By Rick Montgomery | Executive Director, Global Roots
Just in case you haven't read our prior reports, we will start by explaining that Female Genital Mutilation is still a huge problem in East Africa.
In Kenya, where 100% of our anti-FGM effforts take place, politicians and the media frequently say that this brutal cultural practice is in decline.
While this may be true in small cities, it is absolutely not the case in small villages and certainly not in the countryside where the Maasai generally live. In these areas, FGM is practiced secretly because it is against the law and anyone who is caught doing it will go to jail and have to pay a hefty fine.
10% of girls who are subjected to FGM die either from blood loss just after the cut or during child birth when their wounds reopen and hemorrhage. The majority of girls who survive the cut suffer from both physical and mental complications related to FGM for the rest of their lives.

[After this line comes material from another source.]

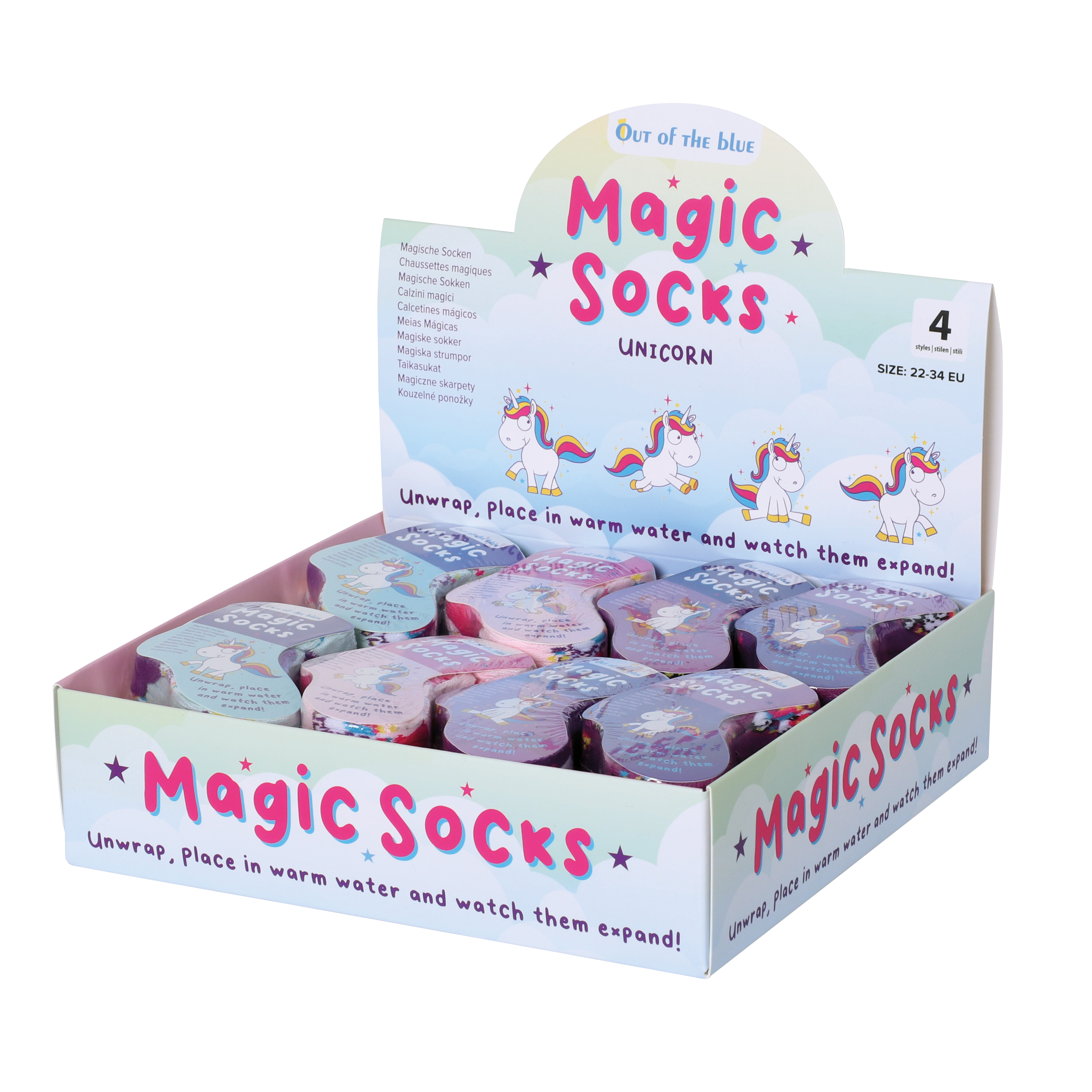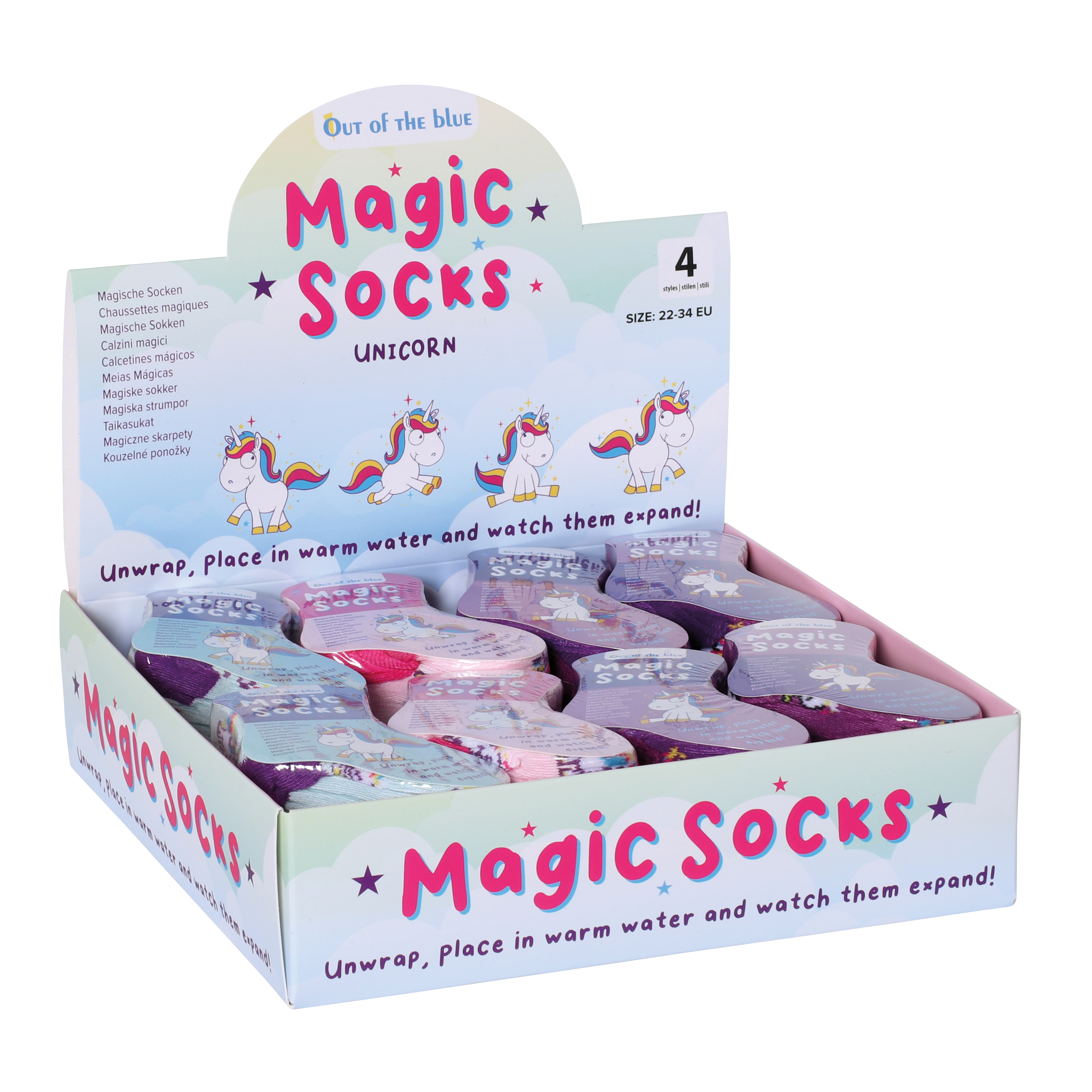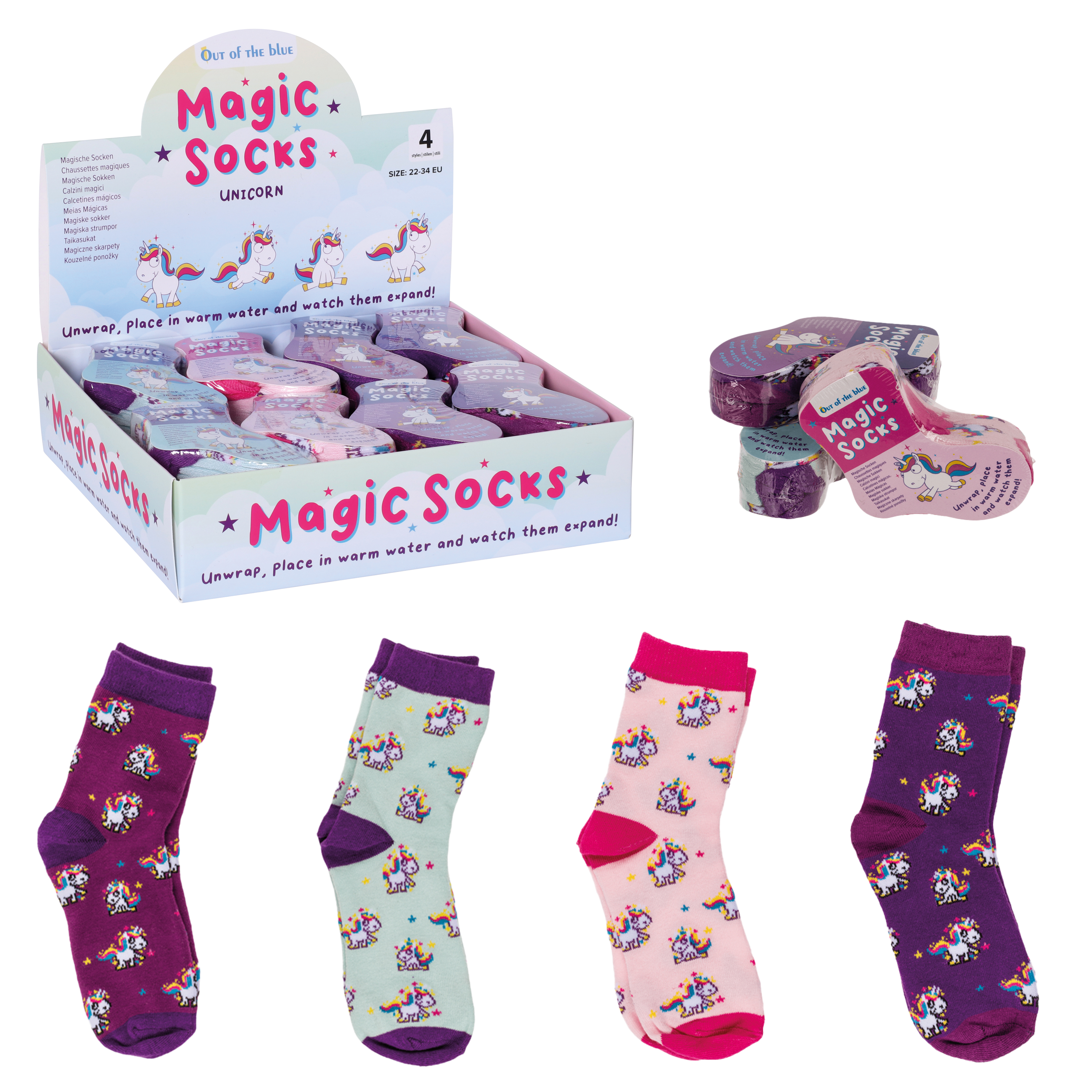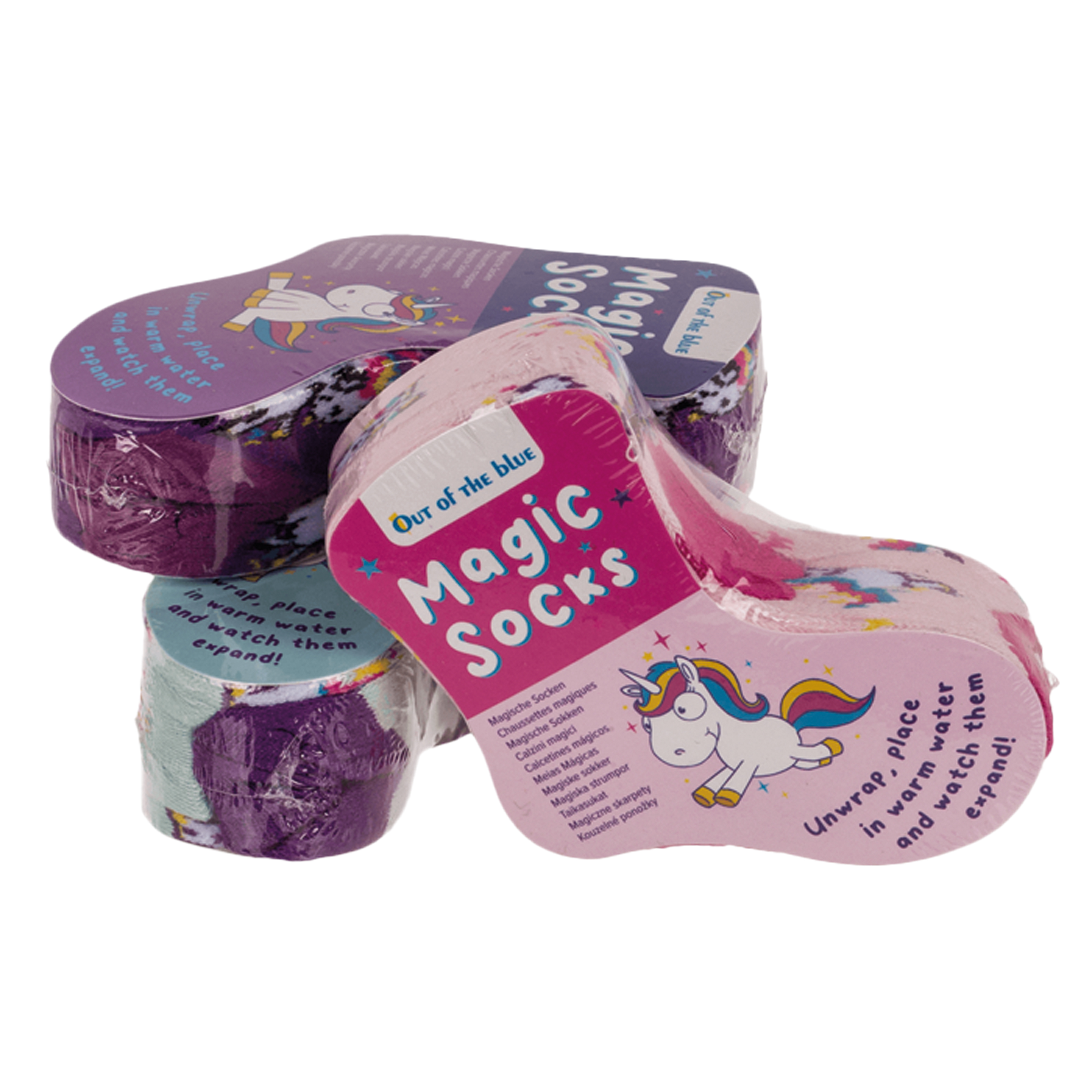 Das Päckchen wird, in warmes Wasser gelegt, wie von Zauberhand zu einen Paar fröhlich bunter Kindersöckchen. Vier Designs sortiert. 72% Baumwolle, 23 % Polyester und 5% Elastan. Passend für die Größen 22 - 34.

One of the main problems we are seeing since the criminalization of FGM is that parents are now letting their daughters bleed out instead of taking them to the hospital. Often, the village woman who uses a razor blade to perform FGM has no formal medical training and does not know what to do when a girl bleeds more than usual. In these cases, parents are opting to let their daughters bleed to death because they know they will go to jail if they seek medical help.
So, now that we know parents who subject their daughters to FGM are afraid of jail time and fines, we have a new strategy.
Starting this spring, Maasai school teachers will send flyers home with students that will spell out the legal consequences of FGM. Cease and desist letters will go out to parents who intend to cut and sell their daughters. Even though FGM is practiced secretly, most young girls can see it coming and they will soon have a legal channel to pursue. A letter from our legal team will reduce the high percentage of girls still being secretly cut in rural areas.
Another girl finds her way to our Safe House
Approximately one year ago, a young girl named Sarah ran from her home to her school on the night she was to be cut. She jumped out her bedroom window and ran as quickly as she could to the one place she felt safe: her elementary school. Fortunately, one of her teachers had forgotten her phone at school and found her on the front steps of the school. The teacher in question took Sarah home and let her stay with her for nearly eight months. Four months ago, the teacher reached out to Mary K, the manager of our Safe House and after a two-day period of due dligence by our team, Sarah was picked up and transported to our Safe House.
Sarah's father sent two drunkards to collect Sarah but they were confronted by four club-carrying securtiy guards who ushered them off the property of our safe house. The drunkards never came back.
We quickly found a boarding school that could take in Sarah so she is safe now, learning and making new friends. See Sarah standing next to Naomi, the other young woman who joined us recently.
"I am so happy to be in school," Sarah told our staff. "I want to protect little girls like me when I grow up."